Although Robbie Williams won’t be joining the comeback tour, the rest of Take That – Gary Barlow, Mark Owen, Jason Orange and Howard Donald, all now fatter and craggier than a giant fossil of Lisa Riley – have been persuaded to reunite for the first time in 10 years.
It’s completely inevitable that Take That (CDs) were going to reform – all
the signs were there: the Christmas cash-in Best Of album, the
history-rewriting documentary that failed to mention that the majority of Take That
fans were all socially inept schoolgirls (except you, of course), the
heavily-publicised reunion photoshoot, the painfully awkward Children
In Need telephone-manning stint.
So when it was reported yesterday that Take That had a special
announcement to make, everyone knew that a reunion was on the cards –
Jason Orange was hardly going to reveal he’d discovered a cure for
cancer now, was he?
There’s a very obvious reason for Barlow, Owen, Orange and Donald wanting to reform Take That at the moment:
Cash! More cash that you could ever imagine! Cash cash cash!!
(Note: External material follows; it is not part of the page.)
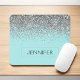 Silver und Aqua Blue Aquamarine Imitate Glitzer Sparkle Elegant und moderne schicke trendy Luxury Mit Monogramm Mouse Pad. Diese Monogramm - fügen Sie Ihren eigenen Namen personized mousepad kann aktualisiert werden mit Ihrem Namen.
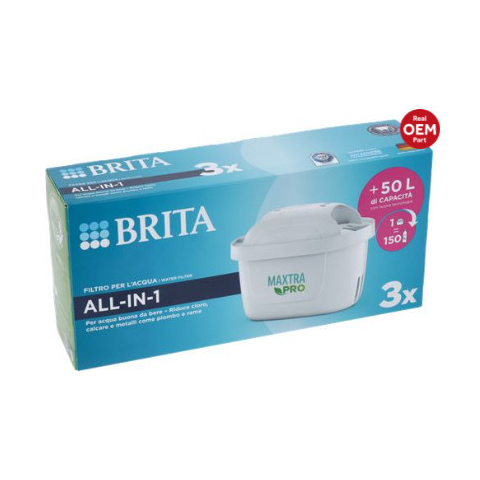 Élvezze a tiszta, friss ízű vizet a BRITA MAXTRA PRO ALL-IN-1 vízszűrő betétekkel! A 3 darabos szett hatékonyan csökkenti a vízkövet és az ízrontó anyagokat, miközben védi háztartási kisgépeit.

They’re still artistically relevant and want to give something back to
their fans. Or something. That they’ve each reportedly been offered
£1.5 million to hit the road had nothing to do with it. Ahem.
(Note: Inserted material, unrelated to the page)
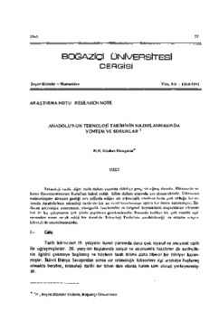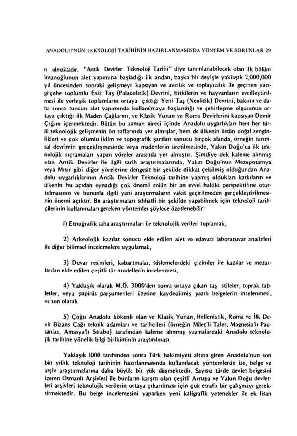 Anadolu'nun Teknoloji Tarihinin Hazırlanmasında Yöntem ve Sorunlar

Take That are promising that their comeback gigs will be just as
exciting as they were in their heyday, although we’re hoping that they
won’t be covering Smells Like Teen Spirit like they used to. A
"Take that are excited to be able
to get back on stage and thank the fans who have remained loyal since
their split in 1996. many will remember the explosive and creative live
shows that Take That put on during their career, with outlandish
costumes pyrotechnics and perfectly choreographed dance routines. The
2006 tour promises to be no different, and will serve as a fitting
tribute to their overwhelming success, and stature as Britain’s
Britain’s ultimate boyband? Hang on, what about Northern Line?
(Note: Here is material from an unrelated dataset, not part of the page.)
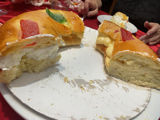 Read moreLa primera vez que compré un rosco este año en diciembre estaba espectacular pero después los siguientes han estado malísimos, los últimos que encargué para el día de noche buena fueron directamente a la basura, uno sin relleno y otro relleno de nata, estaban tan secos el mismo día que los compré que no se podían...

And if all this Take That comeback talk isn’t bed-shittingly
exciting enough for you, it’s rumoured that Lulu will join the boys
onstage each night to croak her way through the four seconds of Relight
My Fire that she appeared on. Well, it’s not as if she has much to do
these days apart from margarine adverts.
Poor Robbie Williams must feel really left out by today’s
announcement. Or at least he would if he hadn’t just been included in
the Guinness Book Of Records for selling 1.6 million concert tickets in
a single day.
If you’re interested in seeing Take That live, firstly – shame on you, and secondly, here are the tour dates:
April 24 – Metro Radio Arena, Newcastle
April 27 & 28 – NEC, Birmingham
April 30 – SECC, Glasgow
May 2 – FM Arena, Sheffield Hallam
May 5 & 6 – MEN Arena, Manchester
May 8 & 9 – Wembley Arena, London
May 12 – The Point, Dublin
May 14 – Odyssey, Belfast
[story by Stuart Heritage]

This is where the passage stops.